Песенники затянули длинную, заунывную песню, вроде похоронной, в продолжение которой Басманов все переваливался со стороны на сторону и приговаривал:

— Протяжнее, протяжнее! Еще протяжнее, други! Отпевайте своего боярина, отпевайте! Вот так! Вот хорошо! Да что ж душа не хочет из тела вон! Или не настал еще час ее? Или написано мне еще на свете помаяться? А коли написано, так надо маяться! А коли сказано жить, так надо жить! Плясовую! — крикнул он вдруг, без всякого перехода, и песенники, привыкшие к таким переменам, грянули плясовую.

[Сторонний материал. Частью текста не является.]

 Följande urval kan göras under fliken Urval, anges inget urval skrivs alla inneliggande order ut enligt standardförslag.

— Живей! — кричал Басманов и, схватив две серебряные стопы, начал стучать ими одна о другую. — Живей, соколы! Живей, бесовы дети! Я вас, разбойники!

Вся наружность Басманова изменилась. Ничего женоподобного не осталось на лице его. Серебряный узнал того удальца, который утром бросался в самую сечу и гнал перед собою толпы татар.

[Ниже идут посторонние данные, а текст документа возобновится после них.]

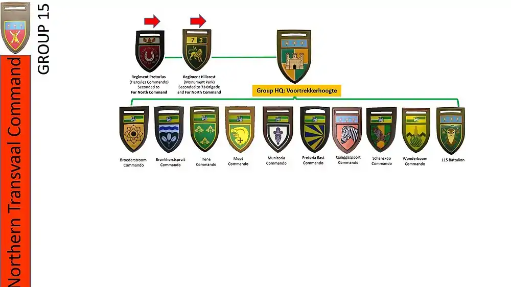 Its headquarters was in Pretoria, and within its command boundaries, it contained a number of important Active Citizen Force field formations, notably 81 Armoured Brigade (part of 8th South African Armoured Division). Depending upon the command boundaries, it may also have included 72 Motorised Brigade with its headquarters at Johannesburg and 73 Motorised Brigade with its headquarters in the Johannesburg suburb of Kensington.

— Вот этак-то получше! — проговорил князь, одобрительно кивнув головой.

Басманов весело на него взглянул.

— А ведь ты опять поверил мне, князь! Ты подумал, я и вправду расхныкался! Эх, Никита Романыч, легко ж тебя провести! Ну, выпьем же теперь про наше знакомство. Коли поживем вместе, увидишь, что я не такой, как ты думал!

Беспечный разгул и бешеное веселье подействовали на Серебряного. Он принял кубок из рук Басманова.

— Кто тебя разберет, Федор Алексеич! Я никогда таких не видывал. Может, и вправду ты лучше, чем кажешься. Не знаю, что про тебя и думать, но бог свел нас на ратном поле, а потому: во здравие твое!

И он осушил кубок до дна.

— Так, князь! Так, душа моя! Видит бог, я люблю тебя! Еще одну стопу на погибель всех татар, что остались на Руси!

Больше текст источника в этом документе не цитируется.